1) I did a production of
Fiorello! during my sophomore year of high school at the PFAA (the community theatre where my mom just did
Suburb). For those of you who are familiar with the show, I played Neil, the young up-and-coming intern for Fiorello, but I also doubled as a "Hack" in the poker scenes...which put me in about every scene. To distinguish the characters, I had on a big fake moustache for when I was a "hack" (I see the jokes coming from this a mile away, der Brucer

), and on our opening night, during "The Bum Won," of course it decided to start slowly and comically sliding off my face. Luckily I had a newspaper which I promptly threw up in front of my face, as I was laughing away as well as a couple of the other guys in the song. The audience, of course, ate it up, as they watched me inch my way back behind all of the other guys, but the best moment came near the end of the song where as we were exiting, the moustache very obviously fell out from behind the paper and I had to step on it and slide it off.
Then shortly thereafter in the last scene, "Morris" starts off the scene where he's on the phone with his wife...only that night, our "Morris" misjudged the time he had and when the lights came up, he wasn't on stage (later we were told he was in the bathroom) and so all of that were on stage did a quick check-in and wondered how we were going to cover.

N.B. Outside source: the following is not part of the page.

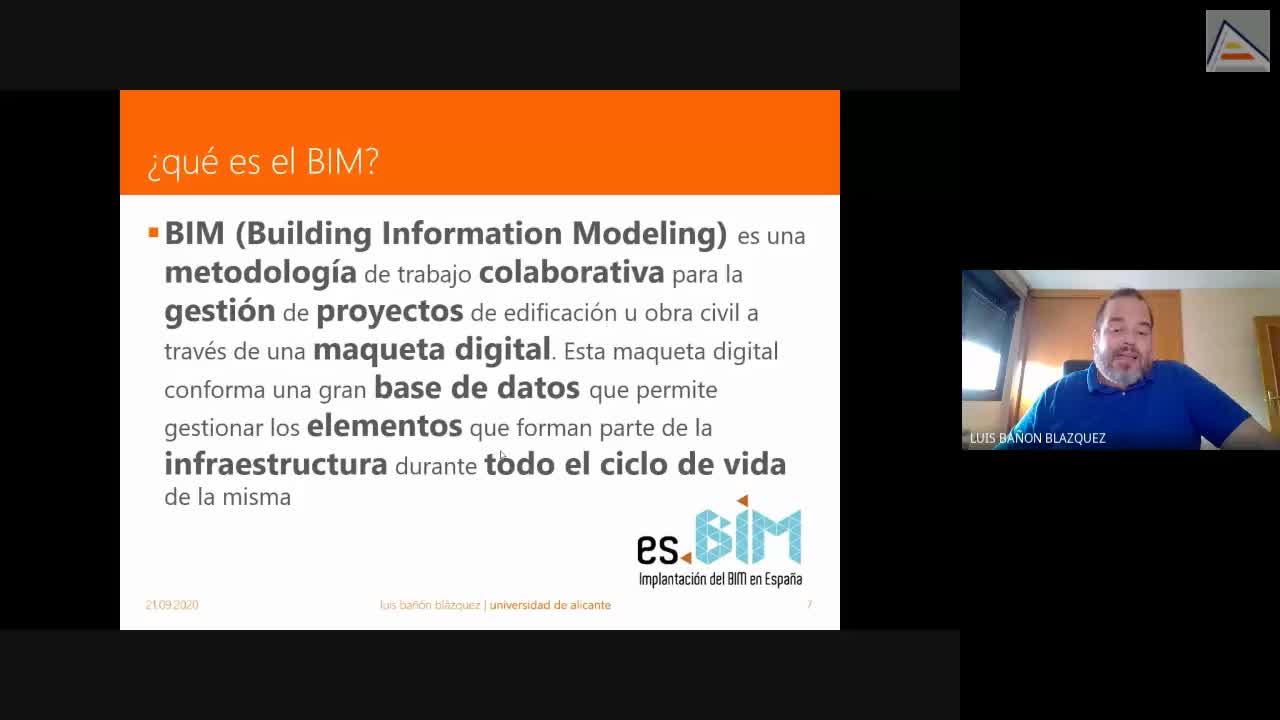 | Resumen | El video desarrolla los conceptos básicos de la metodología BIM (Building Information Modelling). Pertenece al Curso de Introducción al BIM Empresarial en Obras Públicas, impartido en septiembre de 2020 | ||

So I quickly ran up to the phone and started improvising some of the dialogue that I happened to remember of the conversation that he has with "his wife" and did so until I saw him ready to make his entrance, which he did and threw the line to him "Morris, your wife's on the phone and she's really going on about you not being home and with the kids..." and he took it and started his lines and we made it through safe and sound. Later that evening he wrote on a one-dollar bill "Thanks for saving my ass" and gave it to me - as my first professional dollar I ever earned working in the theater.

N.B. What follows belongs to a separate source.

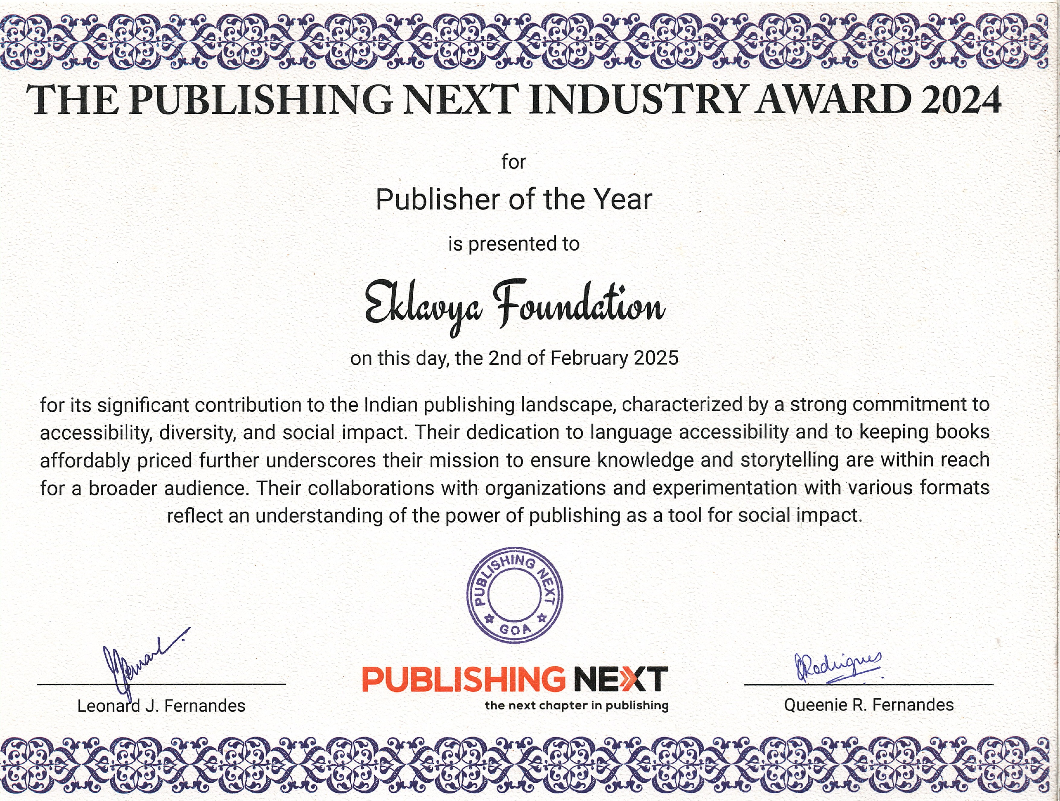 | 🏆 | Publisher of the Year – Eklavya Foundation | View Award | |

2) During the run of "Fiddler" I did as a senior in high school, the big "Tevye's Dream" sequence, as any of you who have done or even seen the show, can be a nightmare (pun intended) to stage. Our technical designers went back and forth on how to have Fruma Sarah come in - should we fly her? Should she come up from the stage floor? Should she be on top of something? It was finally decided that she would be sitting at the top of a ladder, strapped in, while the ladder was secured to a dolly navigated by someone underneath the ladder, and all covered in black material. We worked it over and over to make sure the girl underneath knew what was going on and it was all safe and comfortable for all concerned.
So, we get to the 4th show in our run, and sadly no one had the foresight when we had teched the number to remember that there was going to be dry ice machines pumping out fog on either side of the stage, one strategically placed right near where Fruma Sarah makes her entrance. For those of you that may not know, dry ice machines (as opposed to fog machines) create condensation right around where they blast out the fog...
About 5 seconds after Fruma Sarah comes out, we all see the whole thing start to topple over and panic ran through everyone of our hearts. Thankfully they were far enough away from the pit that Fruma Sarah didn't fall into that, and in fact she just kept on singing away on the ground. The girl underneath was really shaken up, but not hurt - but it brought the show to a halt. They closed the curtains, and the tech people ran out to check the two girls. Once we had everything under control, our director went out and made an announcement to the effect of "Live theatre, what can you do, right?" Then we took the scene from the top and Fruma Sarah came out sans ladder that time - and did so for the rest of the run.
Needless to say, when I (playing Tevye) am trying to figure out with Hodel and Perchik how to break the new to Golde that I've given them my blessing later in the show, the line "How will I tell your mother? ...Another dream?!" had a WHOLE new context, and managed to get a huge laugh out of the crowd.